Problem - Copy all the lines of the listing below exactly. Skip the images.

Data block -
# # # # # # #

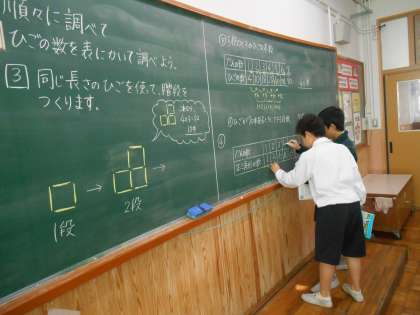 単純に比例して増えるのではなく,一定の決まりを自分で考えながら解くので,なかなか難しい問題でした。
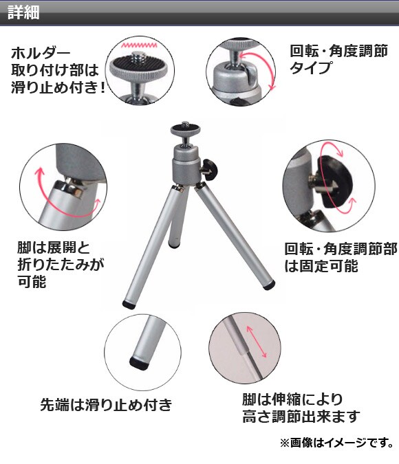 コンパクトスタンド スマートフォン/デジカメ 汎用 三脚 角度変更可能 入数:1セット(2個) AP-TH088
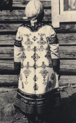 早期的赫哲人制作的魚皮服飾很簡單,只是遮蔽、取暖和御寒,沒有造型設(shè)計(jì)。隨著時(shí)代的變遷、手工技藝水平的不斷提高,赫哲人對服飾美的追求也就越來越多了。對魚皮服裝不斷修飾。魚皮衣服上的裝飾大體有三種形式:一是緄邊或鑲邊;二是緝縫裝飾圖案或紋樣;三是綴飾掛件。一般在緄邊或鑲邊時(shí)要選用有顏色的魚皮。將染有紅黃藍(lán)紫白黑等不同顏色的魚皮鑲嵌或緄縫于不同的衣物上。還用不同顏色的魚皮剪成各種云紋、鳥獸、如意圖案縫在衣物的背部、領(lǐng)口、袖口或衣襟上。將貝殼、銅鈴、獸骨、古錢及其他金屬等裝飾物,縫在衣物的下擺或腰際。

# # # # # # #

Answer box -
 単純に比例して増えるのではなく,一定の決まりを自分で考えながら解くので,なかなか難しい問題でした。
 コンパクトスタンド スマートフォン/デジカメ 汎用 三脚 角度変更可能 入数:1セット(2個) AP-TH088
 早期的赫哲人制作的魚皮服飾很簡單,只是遮蔽、取暖和御寒,沒有造型設(shè)計(jì)。隨著時(shí)代的變遷、手工技藝水平的不斷提高,赫哲人對服飾美的追求也就越來越多了。對魚皮服裝不斷修飾。魚皮衣服上的裝飾大體有三種形式:一是緄邊或鑲邊;二是緝縫裝飾圖案或紋樣;三是綴飾掛件。一般在緄邊或鑲邊時(shí)要選用有顏色的魚皮。將染有紅黃藍(lán)紫白黑等不同顏色的魚皮鑲嵌或緄縫于不同的衣物上。還用不同顏色的魚皮剪成各種云紋、鳥獸、如意圖案縫在衣物的背部、領(lǐng)口、袖口或衣襟上。將貝殼、銅鈴、獸骨、古錢及其他金屬等裝飾物,縫在衣物的下擺或腰際。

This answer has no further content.